Appeals to Christian theology or evolutionary necessity may have worked
in previous centuries, but they are unlikely to be convincing today.
Instead, you can turn to another source of economic truth: Economics 101.
From taxes to wages to government regulation, our political discourse
is dominated by a lesson that economics students learn in their first
semester: the model of a competitive market driven by supply and demand.
Introduced to the world by the French mathematician Antoine-Augustin
Cournot in 1838, this now-ubiquitous analytical tool shows how many
units of a product are demanded and supplied at any given price — and
how prices automatically adjust so that supply exactly equals demand.
This core insight dates back at least to Adam Smith, who explained in
his 1776 book The Wealth of Nations that market prices are determined by
the individual, self-interested decisions of buyers and sellers.
By the late 19th century, supply and demand curves became a dominant
feature of economics education, thanks in large part to a textbook,
Principles of Economics, by the British economist Alfred Marshall.
Marshall showed how buyers and sellers, acting in their own interests,
converge on an equilibrium price that maximizes social welfare, defined
narrowly as the difference between the value consumers place on goods
and the total cost of producing those goods.
Marshall, however, rejected the idea that we should simply let markets
work their magic and accept whatever outcomes they produce. Instead,
because people differ in wealth, he argued that "aggregate satisfaction
can prima facie be increased by the distribution … of some of the
property of the rich among the poor."
“If we were to redesign Economics 101, what would it look like? One
possibility is to begin not with abstract models, but with the real
world.” That view was echoed in the 1948 first edition of the textbook
that would dominate the market for the next three decades.
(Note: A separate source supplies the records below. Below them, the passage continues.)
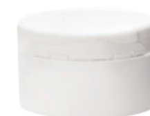
Flip Top SSQZ TE (membrane)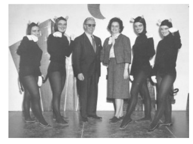
Pinawa Players Production 1964 "The Alley Cats

In the early 1960s, AECL expanded its operations to Manitoba, and created the town of Pinawa. Most of the employees came from Ontario, with many of them already active in the "Deep River Players."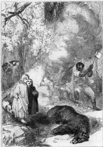
The Bear in the Honey-tree.—P. 380.

of smoke came oozing out of the bee-hole, and the terrified bees swarmed out in clusters. We had not thought of this before, else we might have saved ourselves the trouble of making the gloves and masks.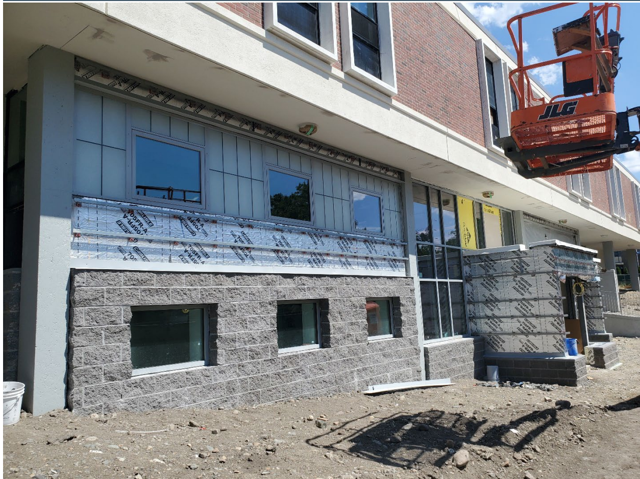
(Above) Breathing life into the renderings of the new main entrance.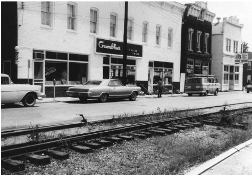
This photo show East Pearl Street looking east from Main Street. The railroad tracks run straight through downtown Batesville in the 1950's. The stores in the photo are Telles Barber Shop, Feltz's Tavern, Robert Schene Radio Repair, and Gambles Department Store.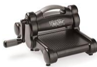
Big Shot [143263]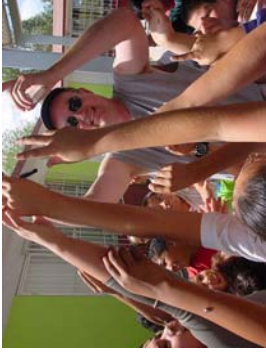
Handing out baseball cards in La Paz.

Included in the price are airfare, hotel, welcome and farewell meals, all group/SWC work-related ground transportation, and an SWC volunteer T-shirts. Not included are costs for extra activities. (A separate form for extra activities will be sent at a later date.) Some of this trip is tax-deductible, please consult your personal tax advisor. Accounting for all expenses will be provided to each volunteer at the end of the trip and all unused monies will be reimbursed.

In Economics,
Paul Samuelson wrote, "John D. Rockefeller’s dog may receive the milk
that a poor child needs to avoid rickets. Why? Because supply and demand
are working badly? No. Because they are doing what they are designed to
do, putting goods in the hands of those who can pay the most." For
Samuelson, the competitive market model of Economics 101 was simply a
useful analytical tool.
For his contemporaries Friedrich A. Hayek and Milton Friedman, however,
it was something more: the heavy artillery in an ideological battle
against the New Deal. In the 1940s and ’50s, Hayek and especially
Friedman built a comprehensive theory of society on the foundation of
competitive markets. In his 1962 book Capitalism and Freedom, Friedman
explained how virtually any social or political issue could be analyzed
in terms of supply and demand — and concluded in each case that
government should get out of the way and let free markets produce the
best of all possible worlds.
Both Hayek and Friedman saw themselves as participants in a battle of
ideas against encroaching socialism. In their hands, an analytical
framework became a universal worldview: Economics 101 became economism.
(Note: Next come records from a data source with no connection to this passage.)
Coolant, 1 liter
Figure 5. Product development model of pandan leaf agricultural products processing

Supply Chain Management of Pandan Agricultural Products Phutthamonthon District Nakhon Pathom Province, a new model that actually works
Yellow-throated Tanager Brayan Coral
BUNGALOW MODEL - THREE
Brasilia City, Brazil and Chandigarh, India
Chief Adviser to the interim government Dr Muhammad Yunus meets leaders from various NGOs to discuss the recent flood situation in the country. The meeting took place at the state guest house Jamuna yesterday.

Economism is the belief that basic economics lessons can explain all
social phenomena — that people, companies, and markets behave according
to the abstract, two-dimensional illustrations of an Economics 101
textbook. Ideally, students should learn that the competitive market
model is just that — a model, which by definition abstracts from the
real world. According to the rhetoric of economics, however, the lessons
of Economics 101 can be transplanted directly into the real world. The
central idea that free markets generate the greatest possible economic
well-being for society becomes a universal framework for understanding
and answering any policy question.
Economism may not accurately describe reality, but its reduction of
complex phenomena to simple concepts was a major asset in the battle of
ideas. The political landscape of the United States after World War II
was dominated by the shadow of the New Deal and the idea that the
government could and should play a major role in managing the economy.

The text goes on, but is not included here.